Editing: Inpaint, Outpaint, and Generative Fill
Generation gives you a base, editing makes it usable. The three workhorse edits are inpainting (replace part of an image), outpainting (extend beyond its edges), and object removal. These live in Photoshop's Generative Fill, in Flux Fill, and in every major web editor. This lesson teaches the technique that makes them work.
Step 1: Inpaint with a tight mask and a small prompt
Inpainting replaces whatever you mask. The two mistakes are masking too large an area and writing too big a prompt. Mask just the region and describe only what should be there. To remove an object, mask it and prompt the background that should fill the gap.
Step 2: Outpaint to reframe
Outpainting extends the canvas. Use it to turn a square into a wide banner, or to give a tightly cropped subject some breathing room. Drag the canvas larger, then let the model invent what continues the scene.
Step 3: Composite when generation cannot get there
Sometimes the cleanest path is old fashioned.
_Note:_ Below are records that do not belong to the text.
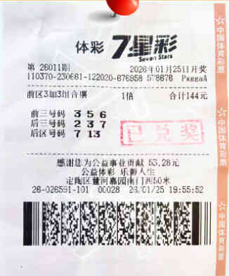 1月25日,中国体育彩票7星彩第26011期开奖,开奖号码为635273 + 13。当期全国仅中出1注一等奖,奖金高达500万元,这注幸运大奖花落山东菏泽。
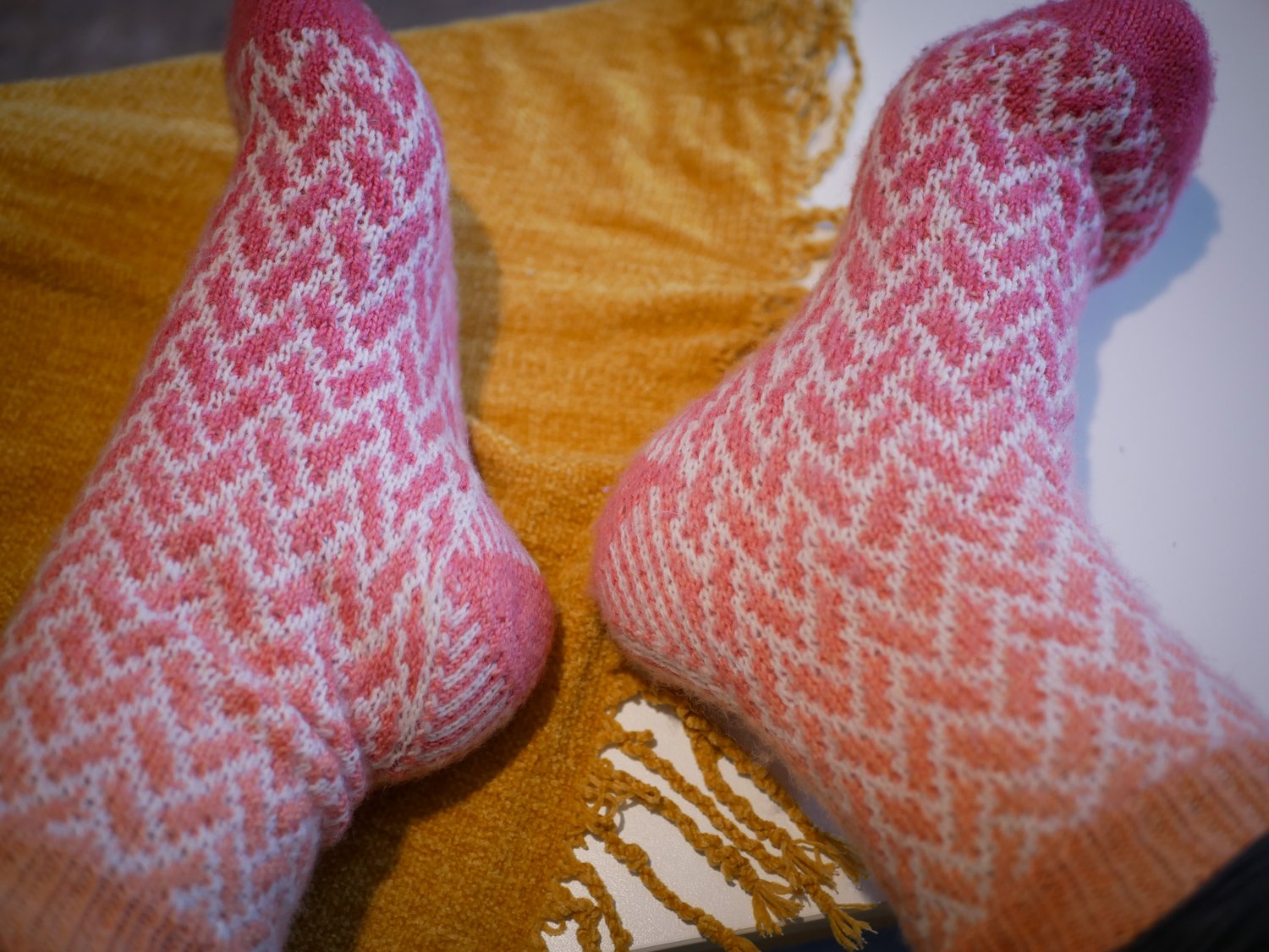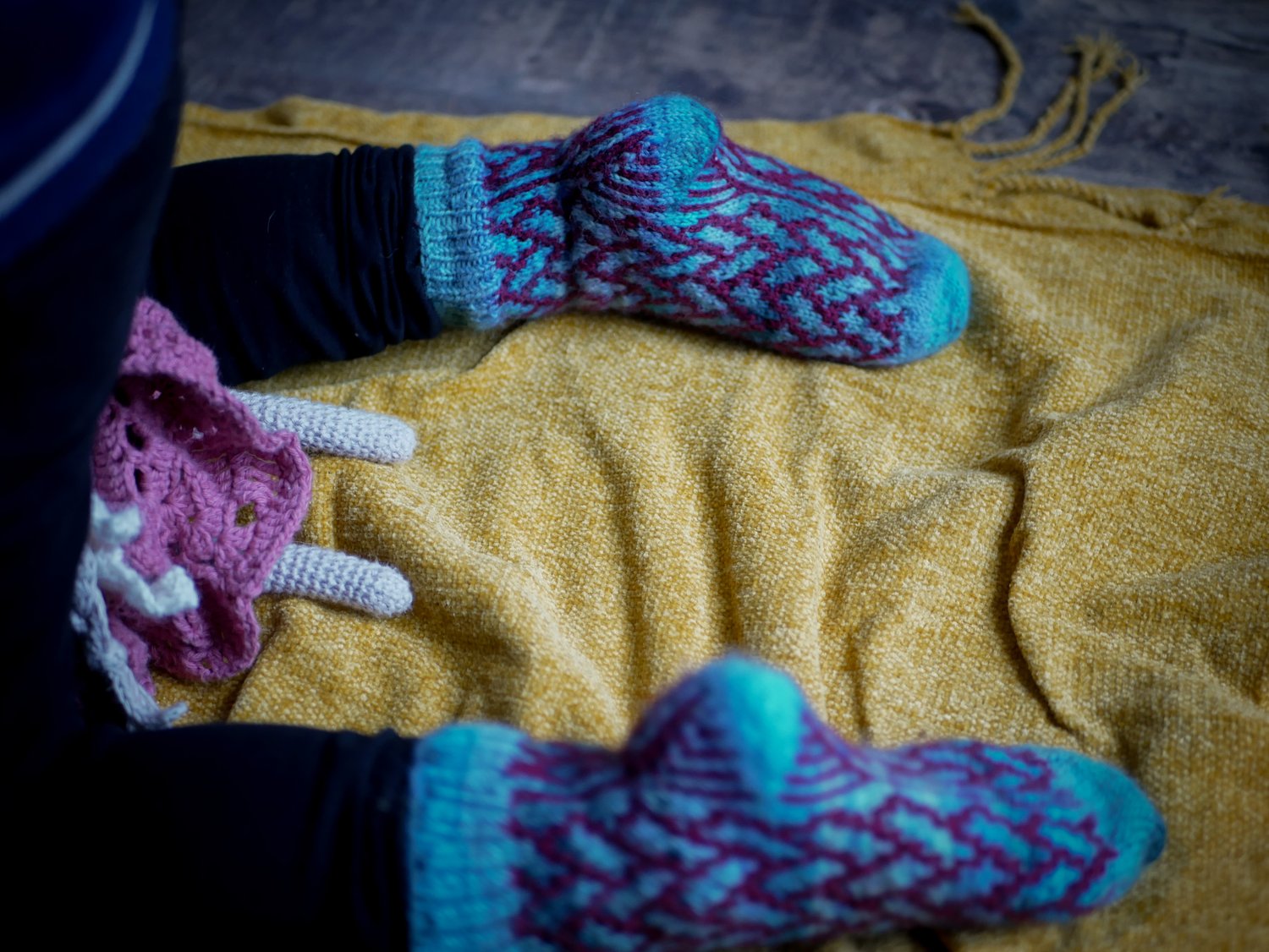 Les chaussettes Farfelues sont, comme leur nom l’indique, farfelues dans leur construction. C’est un modèle toe-up mais qui commence par un montage provisoire afin que le rang commence au milieu du pied dessous. C’est un modèle qui met en avant un point mosaïque que l’on retrouve tant sur le corps de la chaussette que sur le talon. Ce dernier est tricoté à base d’augmentations, de diminutions et d’une section en rangs raccourcis. Il donne une drôle de tête à la chaussette à plat mais il épouse très bien le pied et a l’avantage d’avoir un gousset adaptable au cou-de-pied.
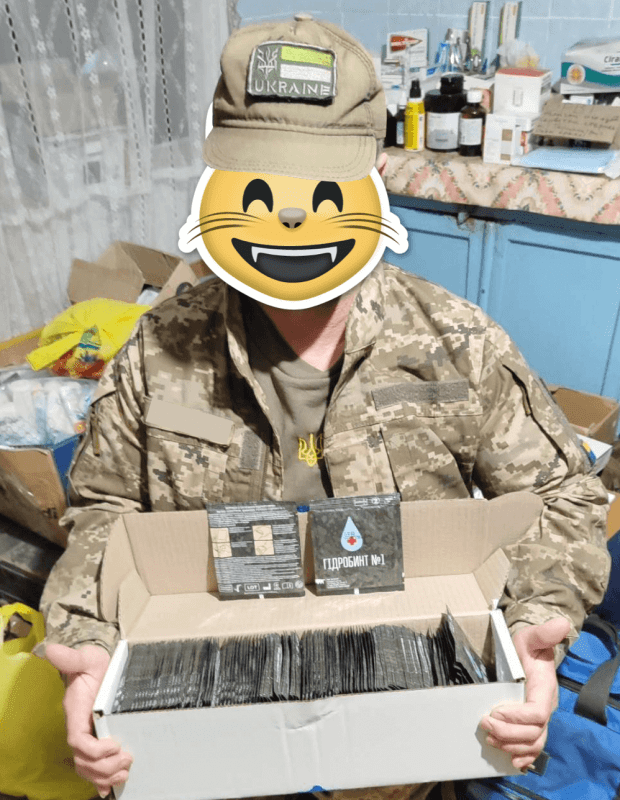 У грудні 2025 року ми передали 20000 повʼязок «Гідробинт №1» для медичного центру Національної гвардії України і лікування військових за сприяння Посольства Французької Республіки в Україні. Допомога була надана в межах міжнародної співпраці за участі технічного радника НГУ від Національної жандармерії Франції полковника Жана-Франсуа Лаффорга.
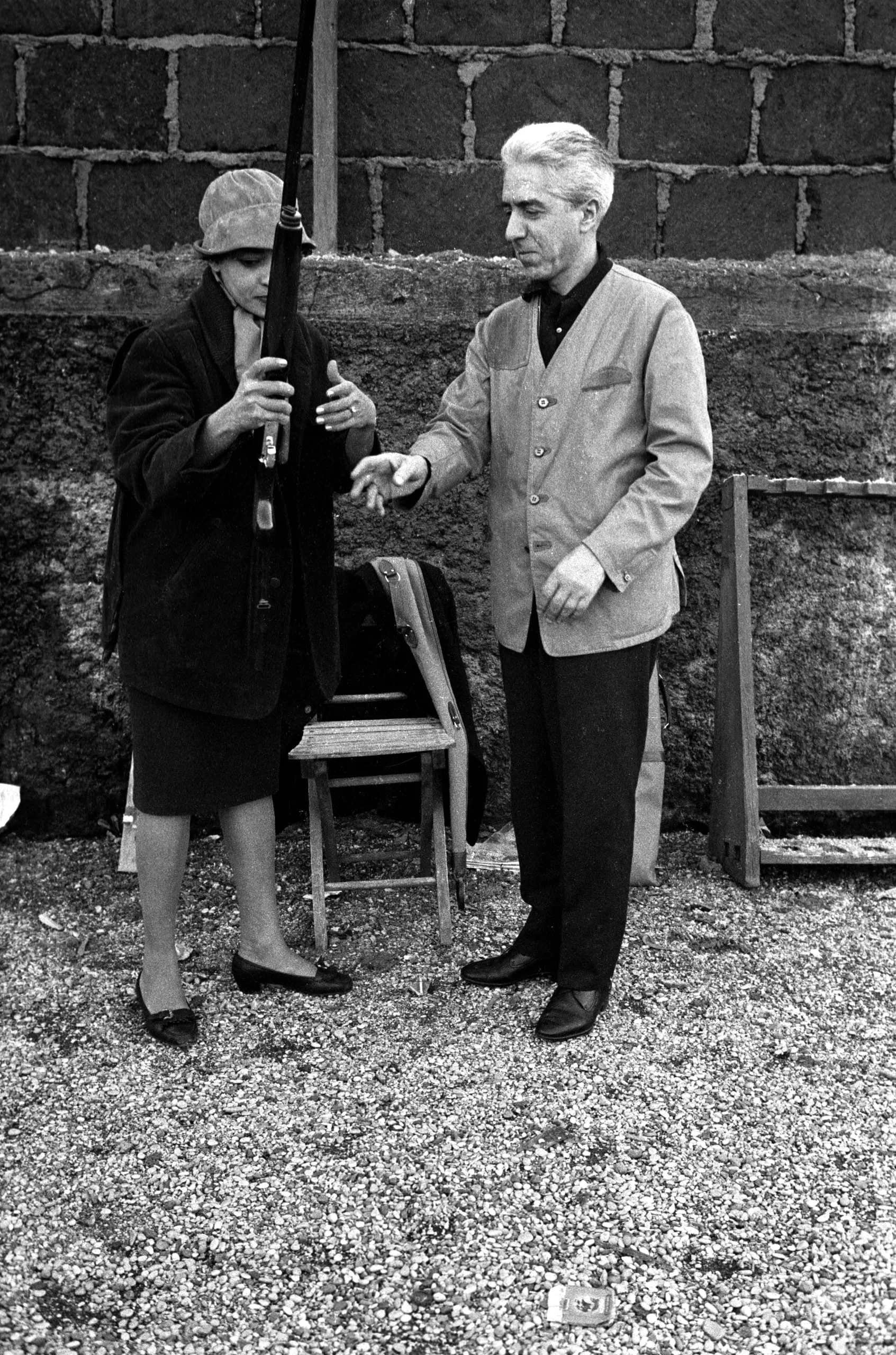Black and white photograph of a woman holding a long dark instrument and a man extending his open palm toward her, standing outdoors on gravel in front of a stone wall
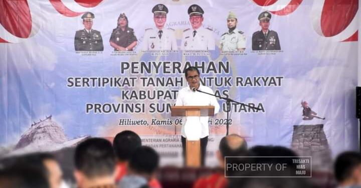 Nias, suarainvestigasi.com – Bupati Nias Ya’atulo Gulo,SE,SH,M.Si, Serahkan Secara Simbolis Sertifikat Tanah Kepemilikan untuk Rakyat Kabupaten Nias, Provinsi Sumatera Utara, bertempat di Aula Serba Guna, Kecamatan Gido, pada hari Kamis (06/01/2022).
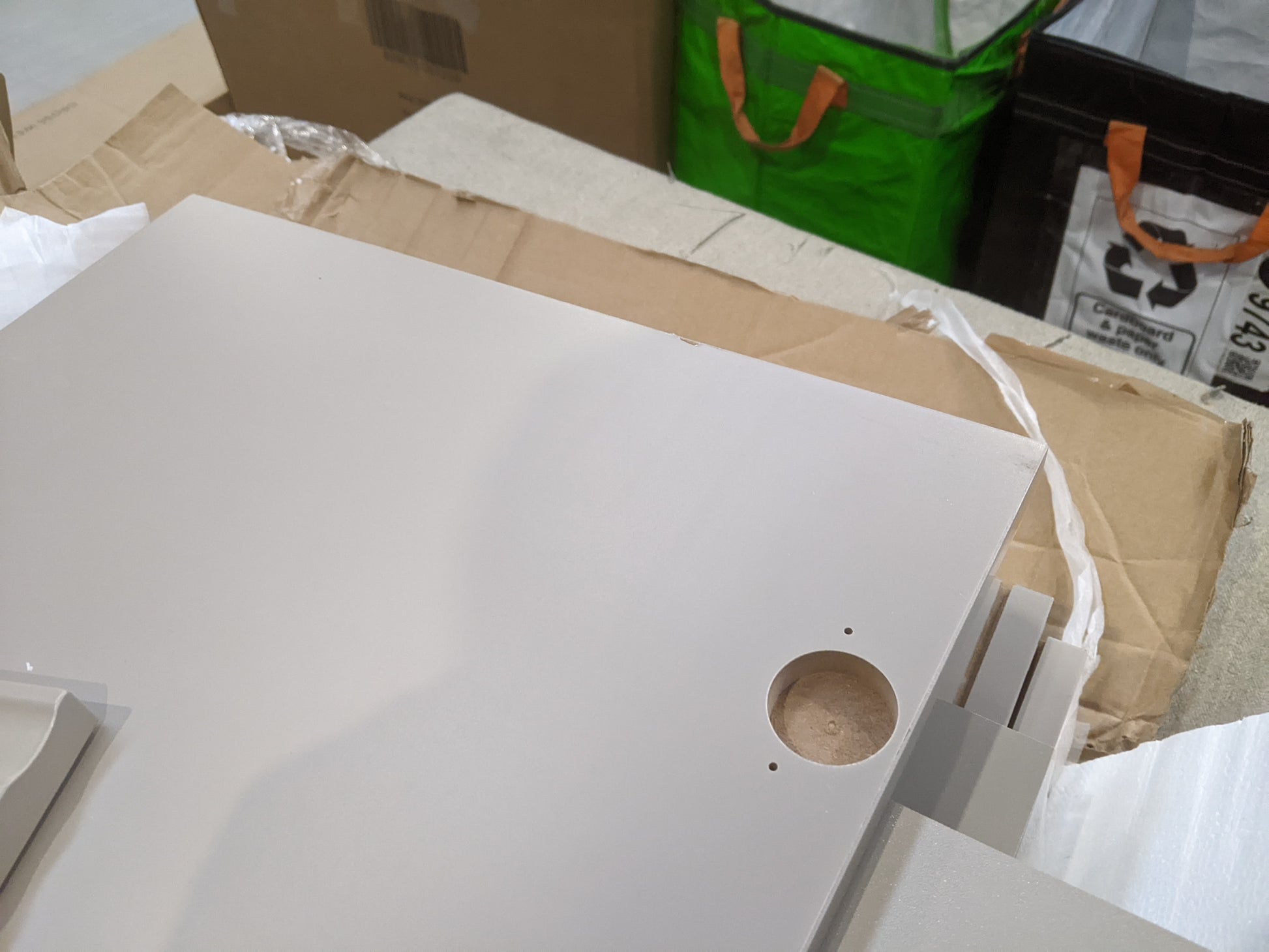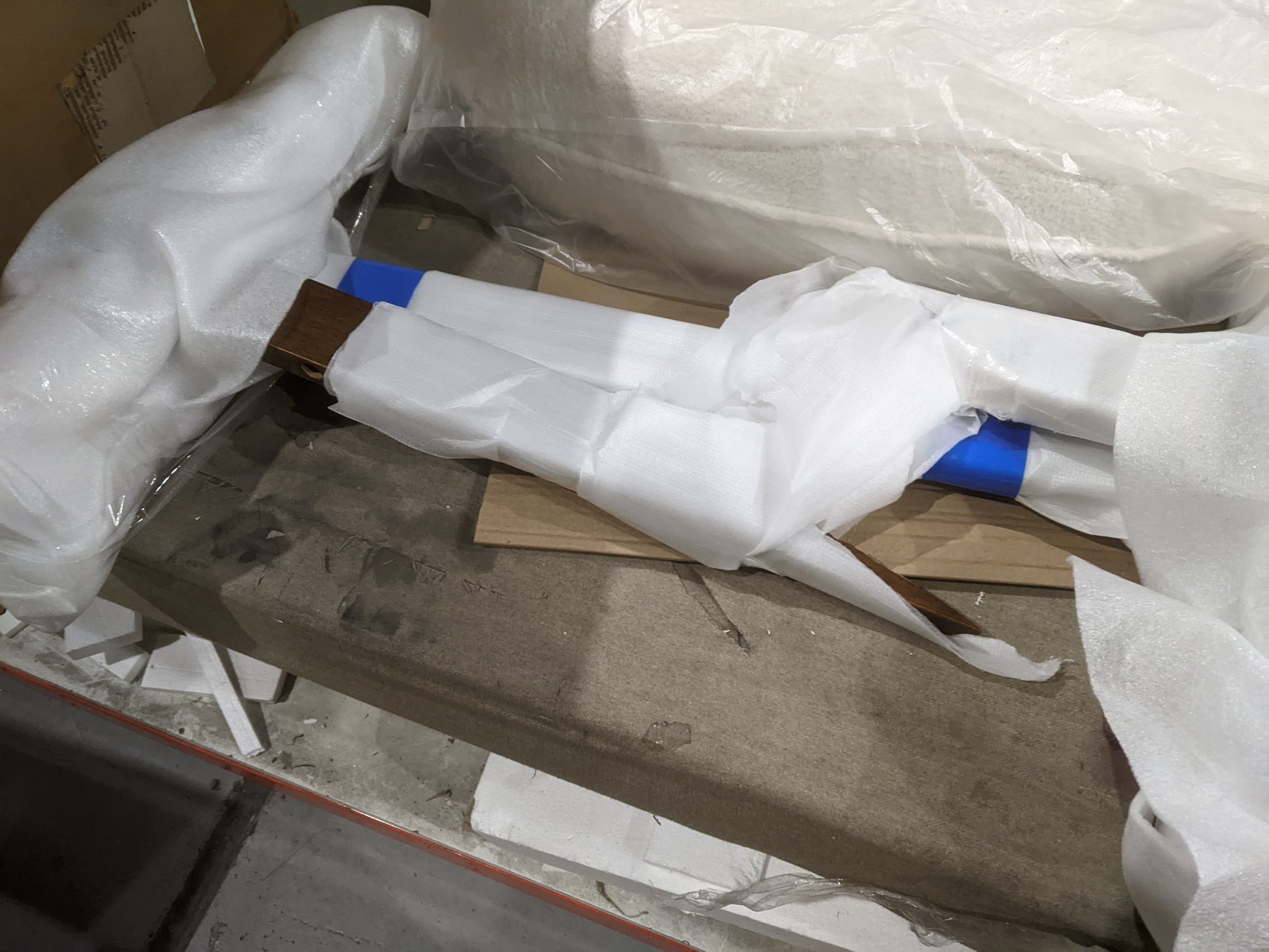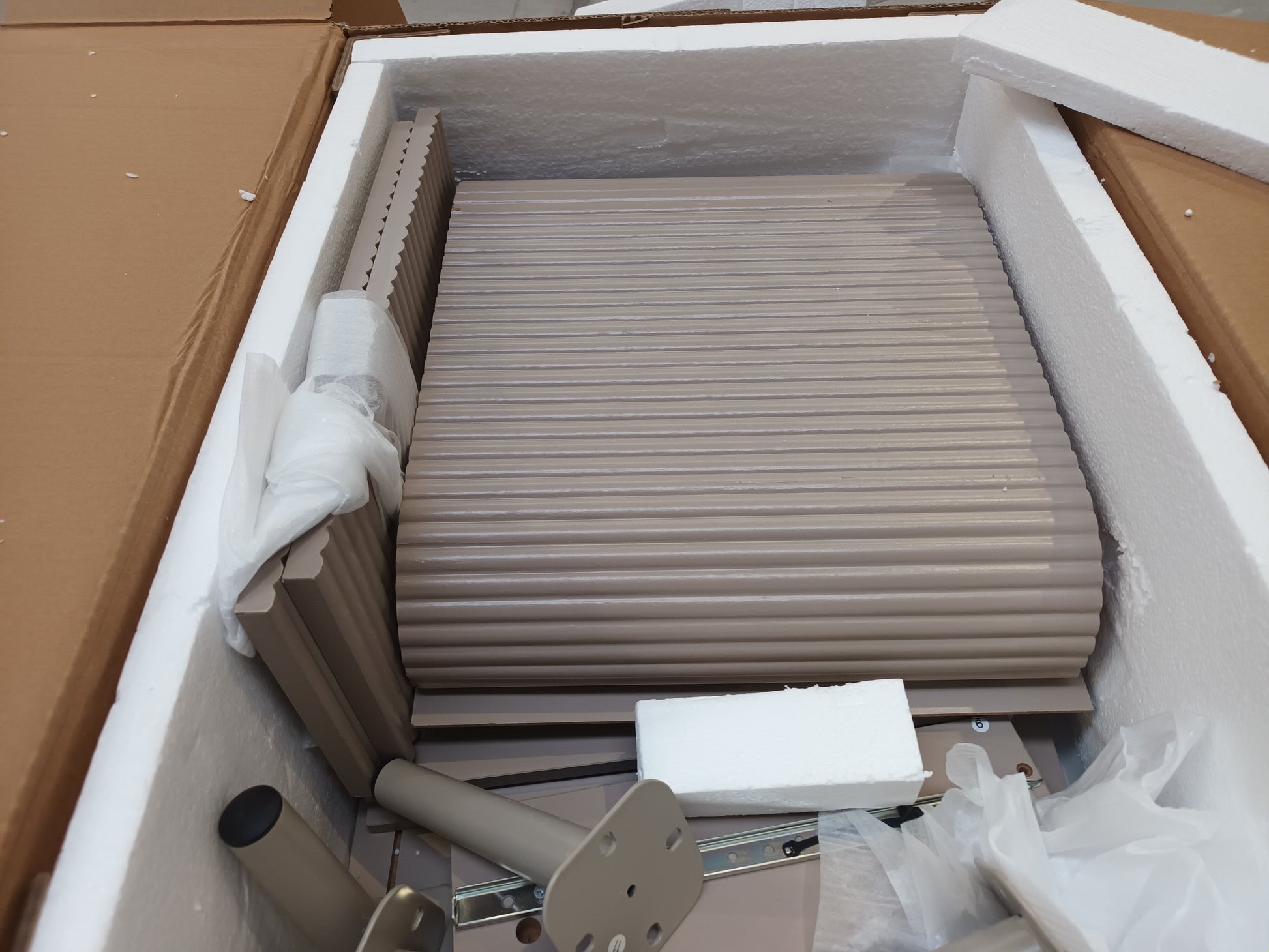Missing end panel. Other end panel damaged. No fittings

Generate elements separately, then composite them in a layered editor with masks and blending. AI removes the boring parts (cutting out, matching light) but you keep the control. Tools like Photoshop and the open source Krita with its AI plugin do this well.
Result
Take one of your earlier images, remove a distracting object with inpainting, extend it to a wide banner with outpainting, and confirm the result looks like a single seamless photo.